Он достал из стола письмо Ольги, то самое, о котором писал мне Z**. Он не мог ничего хуже выдумать, но об этом после.
– Ну что? – спросил он, когда я кончил. – Ясно, не правда ли?
– Ужасно! – вырвалось у меня. Но он не понял, к чему это относится.
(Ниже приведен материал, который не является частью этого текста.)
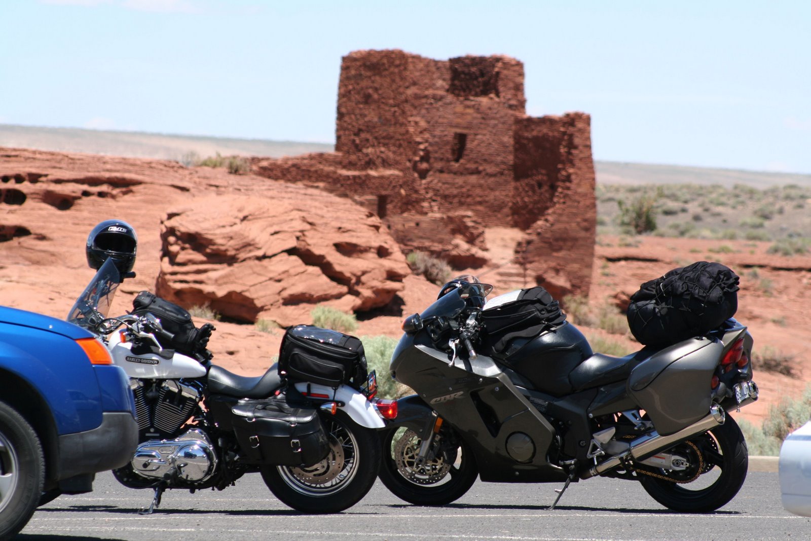 Jerome is built on the side of the mountain, a mining town gone biker destination, and damn it, I was too tired to stop and take pics. It’s a cool little town packed with bikers. The highway drops into Verde Valley and into a frustrating line up of round-abouts through which accompanying cagers wanted to race the Birds. One of the burdens of riding the fastest production Honda ever made is putting up with egos who think they can beat it, especially those mentally underfunded wheel jockeys.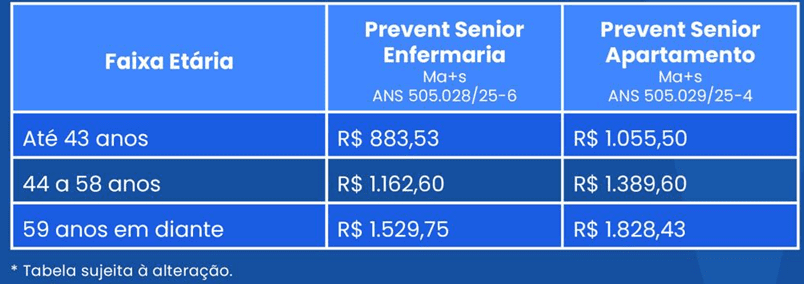 Tabela sujeita a alteração sem aviso prévio por parte da operadora. Faça uma simulação gratuitamente e receba todos os valores atualizados no seu e-mail.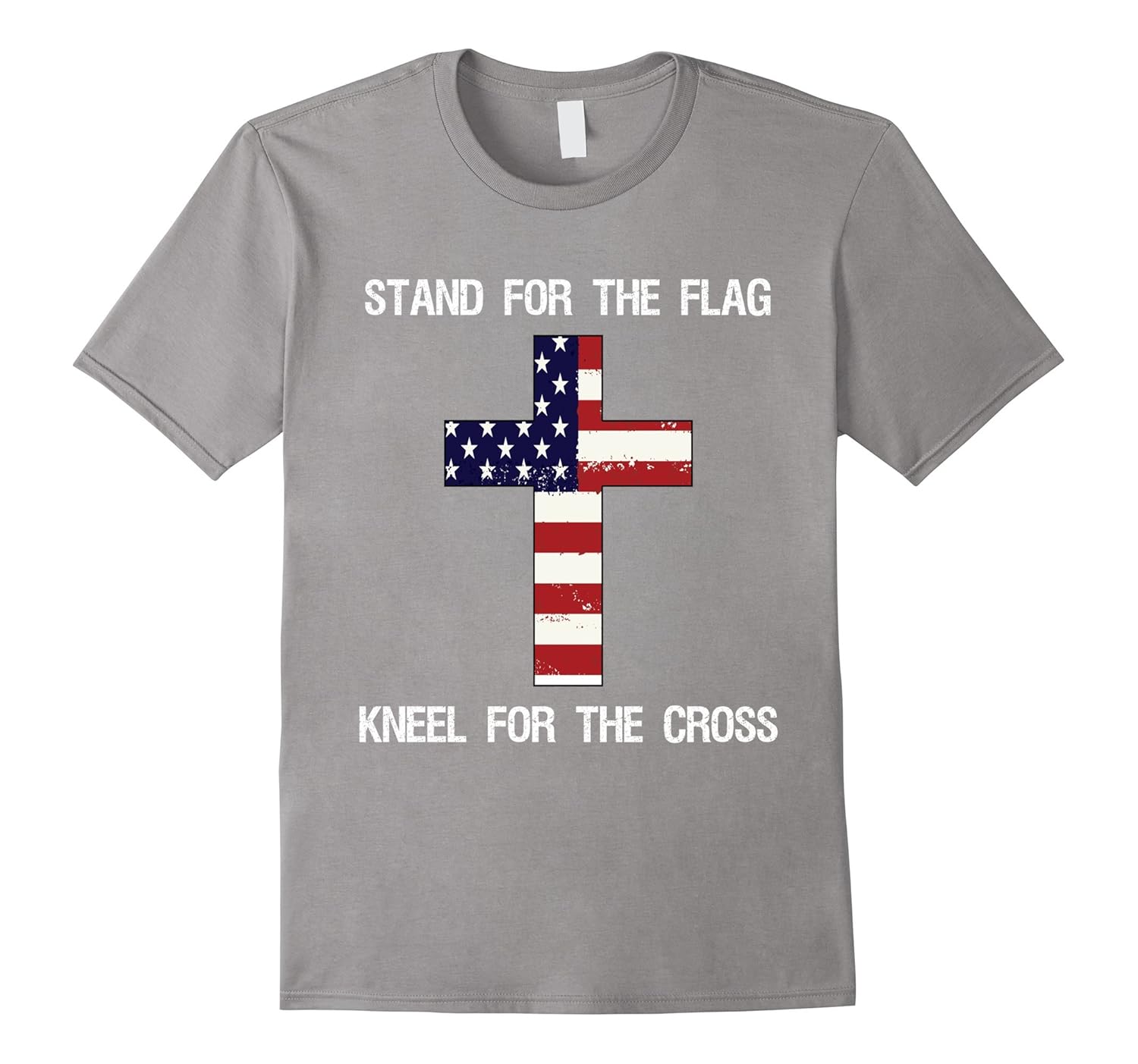 Solid colors: 100% Cotton; Heather Grey: 90% Cotton, 10% Polyester; All Other Heathers: 65% Cotton, 35% Polyester; Imported; Machine wash cold with like colors, dry low heat; This patriotic tee makes the perfect birthday gift or christmas gift for USA veteran – or any proud patriot. Perfect to wear on Independence day or any day to show your support that youre proud to be American and love God; Featuring the US Flag and cross, this distressed Stand For The Flag, Kneel for the Cross Shirt is perfect for anyone looking for christian t-shirts cheap. It doesnt have to be 4th of July to show your USA pride.; Lightweight, Classic fit, Double-needle sleeve and bottom hem

– Да, – повторил он, – ужасно! И тем ужаснее для меня, что я оплошал в этом случае. Я никогда не прощу себе, что отложил это дело. Я должен был ехать к ней в Р** немедленно, добиться, что это значит, и успокоить ее. Только мне в голову не пришло. Я думал, что она так, дурит… Сам посуди: мог ли я верить этому? Мог ли я допустить, хоть на минуту, чтобы она, в здравом уме и в памяти, не только решилась сделать такую глупость, а даже имела ее серьезно в виду?… Из-за чего? – После я понял из-за чего, но в ту пору я был, ей Богу, во всех отношениях за тысячу верст…
Он замолчал и задумался.
– Она писала тебе перед этим? – спросил он минуту спустя.
– Писала раз.
– Ах да, кстати, скажи, пожалуйста, ты был у нее в последний приезд?
– Был.
– И ничего не заметил?
– Ничего, что могло бы навесть на мысль о подобной развязке. Она тосковала, и я нашел ее очень переменившеюся с лица…
21
Полицейский сыщик, герой одноименного романа французского писателя Эмиля Габорио (1832 – 1873).
22
Лучше поздно, чем никогда, дорогой мой. (фр.).